Do We Really Need Immediate Resets? Rethinking Collision Handling for Efficient Robot Navigation
For researchers in robot navigation using DRL, this work provides a simple modification to training that improves learning efficiency and performance.
The paper challenges the standard practice of resetting the environment after every collision in DRL-based robot navigation, proposing a Multi-Collision reset Budget (MCB) framework that allows agents to retry difficult configurations within the same episode. Experiments show that MCB accelerates early-stage exploration and improves success rate and navigation efficiency over conventional baselines.

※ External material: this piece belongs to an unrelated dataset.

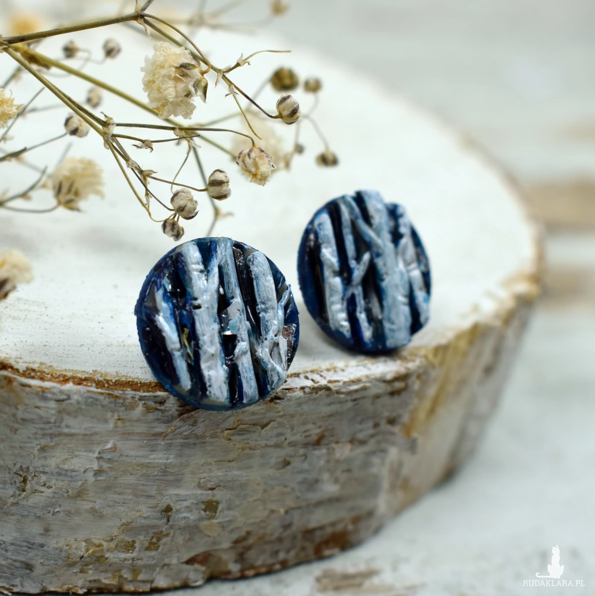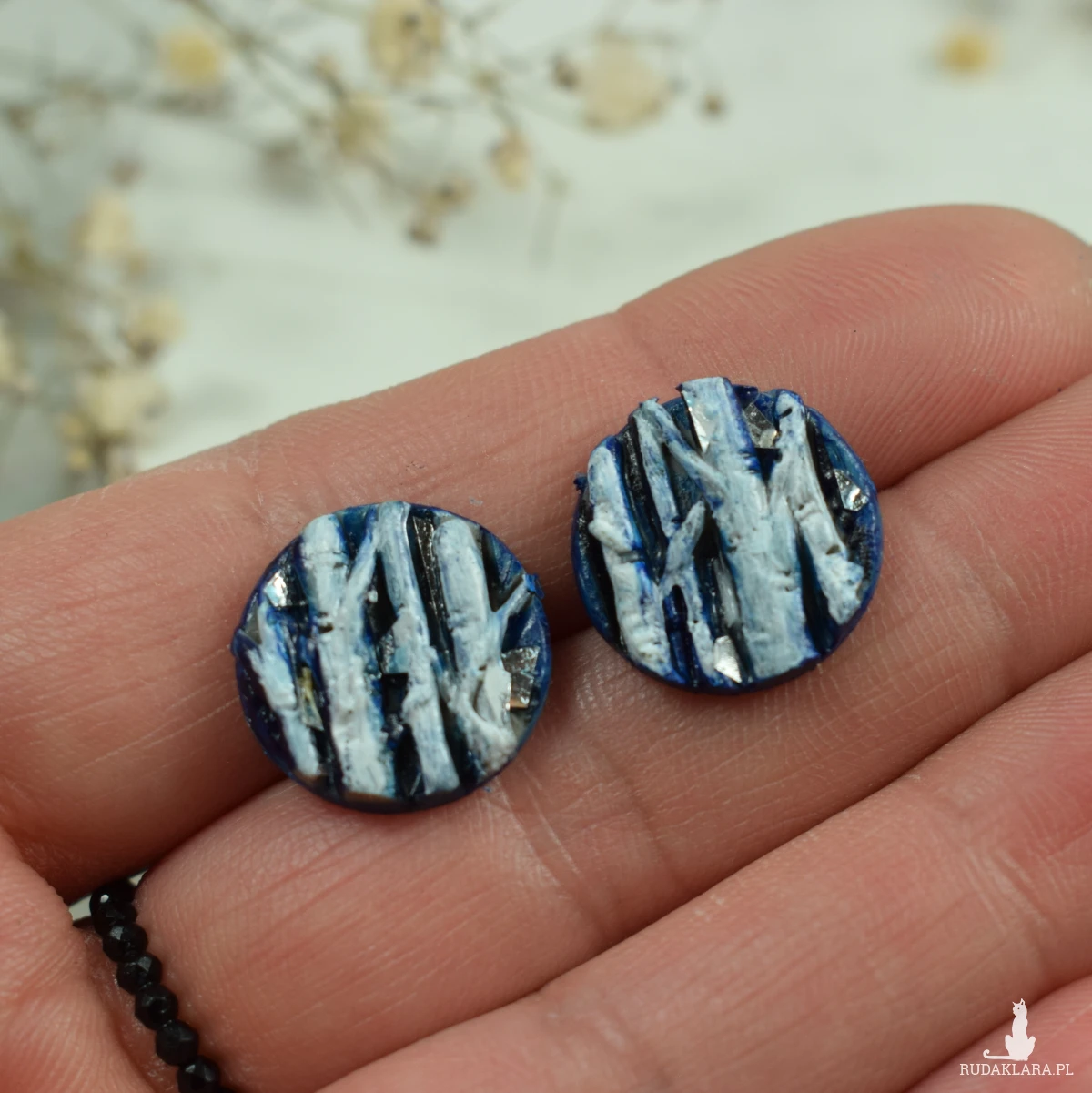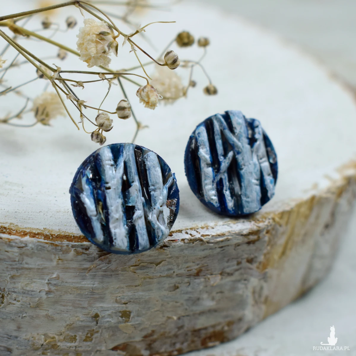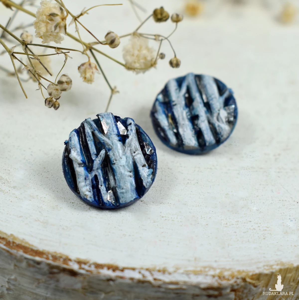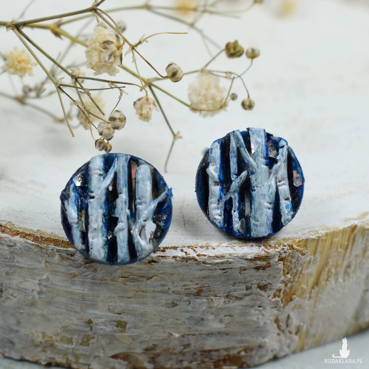Unikatowe, przyciągające uwagę, kolczyki sztyfty z motywem brzozy, w

Should a single collision necessarily terminate an entire navigation episode? In most deep reinforcement learning (DRL) frameworks for robot navigation, this remains the standard practice: every collision immediately triggers a global environment reset and is penalized as a complete task failure. While a collision during deployment naturally indicates task failure, applying the same treatment during training prevents the agent from exploring challenging obstacle configurations, which slows learning progress in the early training phase. In this work, we challenge this convention and propose a Multi-Collision reset Budget (MCB) framework that decouples local collision termination from global environment resets, allowing the agent to retry difficult configurations within the same episode. Experiments on multiple simulated and real-world robotic platforms show that the framework accelerates early-stage exploration and improves both success rate and navigation efficiency over conventional single-collision reset baselines, with a small collision budget producing the largest gains.